U.S.A.-(Ammoland.com)- Misinformation about self-defense rights and laws is what has sparked major debate over the misapplication of lethal force in civilian communities.

Bruce Lawlor identifies the major issues in self-defense cases, and the legal approaches used to resolve them.

The result is less confusion and greater understanding of what self-defense is, and how to go about determining if a homicide is self-defense or murder.

When Deadly Force is Involved

Highlights:

  • Demystifies the law self-defense
  • Uses interesting stories, based on actual shootings, to describe situations in which self-defense was claimed
  • Identifies the major issues that are present in almost every self-defense case
  • Describes the main legal approaches that judges and juries use to decide what happened during a deadly confrontation
  • Provides an easy to understand framework for analyzing claims of self-defense that is applicable in to all states, and adaptable to individual states
  • Helps non-lawyers understand when deadly force can be used in self-defense

Self-defense is the number one reason people in the United States give for owning a firearm. Americans, or at least part of them, have decided they are willing to use deadly force, if necessary, for their own safety in critical life and death situations. This book is to help them as well as those who are thinking about the individual’s role in dealing with distributed, and networked threats, whether criminal or terrorist.

WHEN DEADLY FORCE IS INVOLVED: A Look at the Legal Side of Stand Your Ground, Duty to Retreat, and Other Questions of Self Defense (Rowman & Littlefield; March 2017) will help you recognize the legal questions that appear in most self-defense claims, and the approaches taken to resolve them. It will help you understand when you can use deadly force to protect yourself. And it will allow you to get comfortable with your decision about whether and under what circumstances you are prepared to use a firearm to protect yourself or someone you love.

Self-defense, as a legal concept, is easy to describe, difficult to apply. Everywhere in the United States, the law recognizes clearly that an innocent person has the right to use deadly force against another person who threatens him or her with death or mayhem.
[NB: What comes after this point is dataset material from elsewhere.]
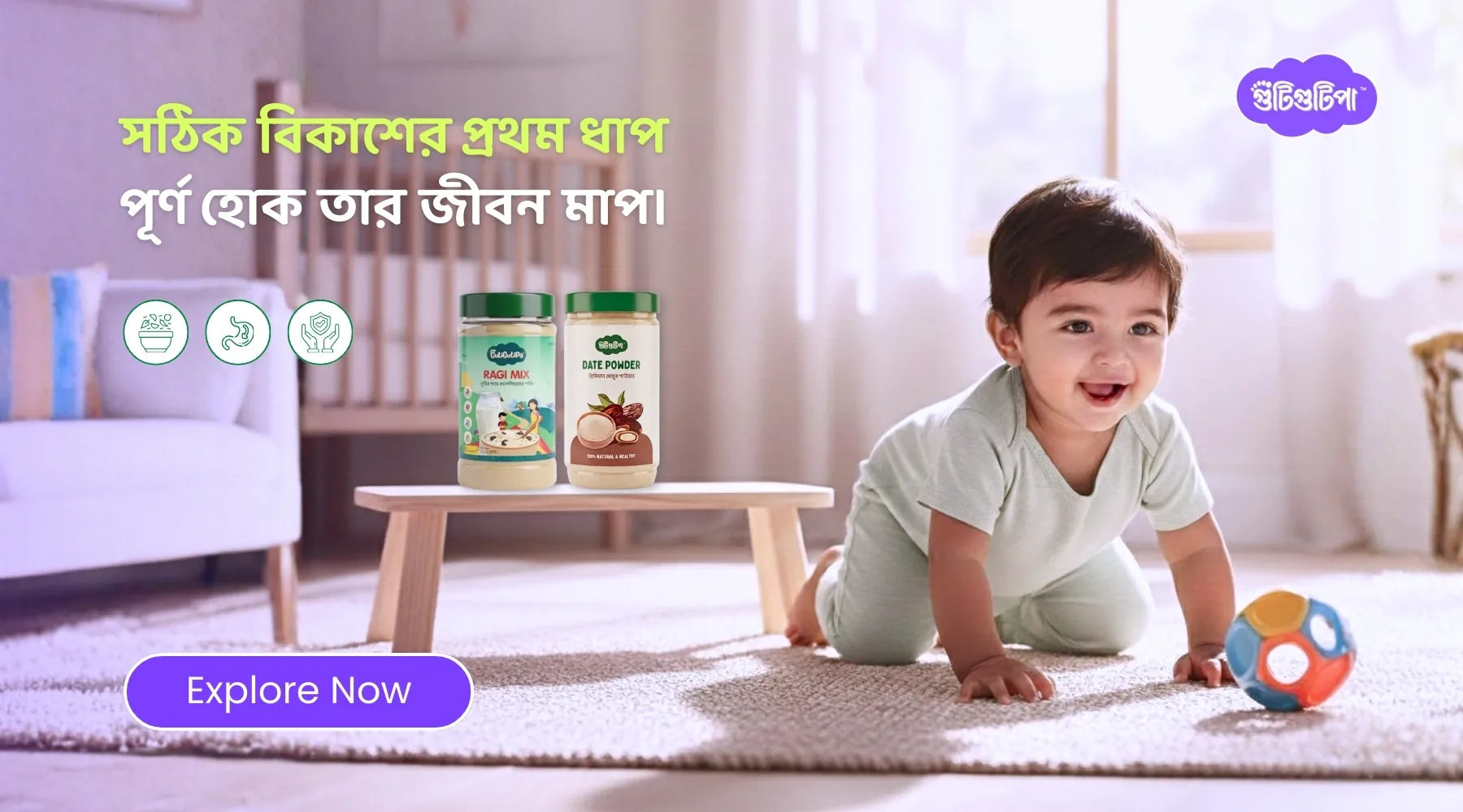 শুধু খাবার নয়, এ যে আপনার শিশুর সুস্থ ভবিষ্যতের ভিত্তি! গুটিগুটিপা-এর প্রতিটি খাবারের ফর্মূলা তৈরি হয়েছে শিশুর সঠিক ও সামগ্রিক বিকাশকে মাথায় রেখে—সেটি মস্তিষ্কের পুষ্টি হোক, বা শারীরিক বৃদ্ধি।

At the same time, there is no national notion of self-defense that applies uniformly in every state. Court decisions about the use of deadly force in one state can vary from decisions in another state, depending on local laws and customs. These variations can create confusion, and at times what appear to be contrary outcomes. Misinformation about the idea of personal self-defense, circulated by both sides in the gun debate has further muddied the waters.

Most self-defense claims involve a common set of legal issues, the same questions over and over again, and there is remarkable agreement among the states about how to resolve them. This book uses a combination of historical fiction and the law to identify these common legal issues and to help readers understand when deadly force may be used in self-defense. The stories that begin each chapter, while imagined, are based on facts disclosed at the trials of people who were accused of murder and claimed to have acted in self-defense. Each one illustrates how the courts historically have handled a particular area of self-defense law.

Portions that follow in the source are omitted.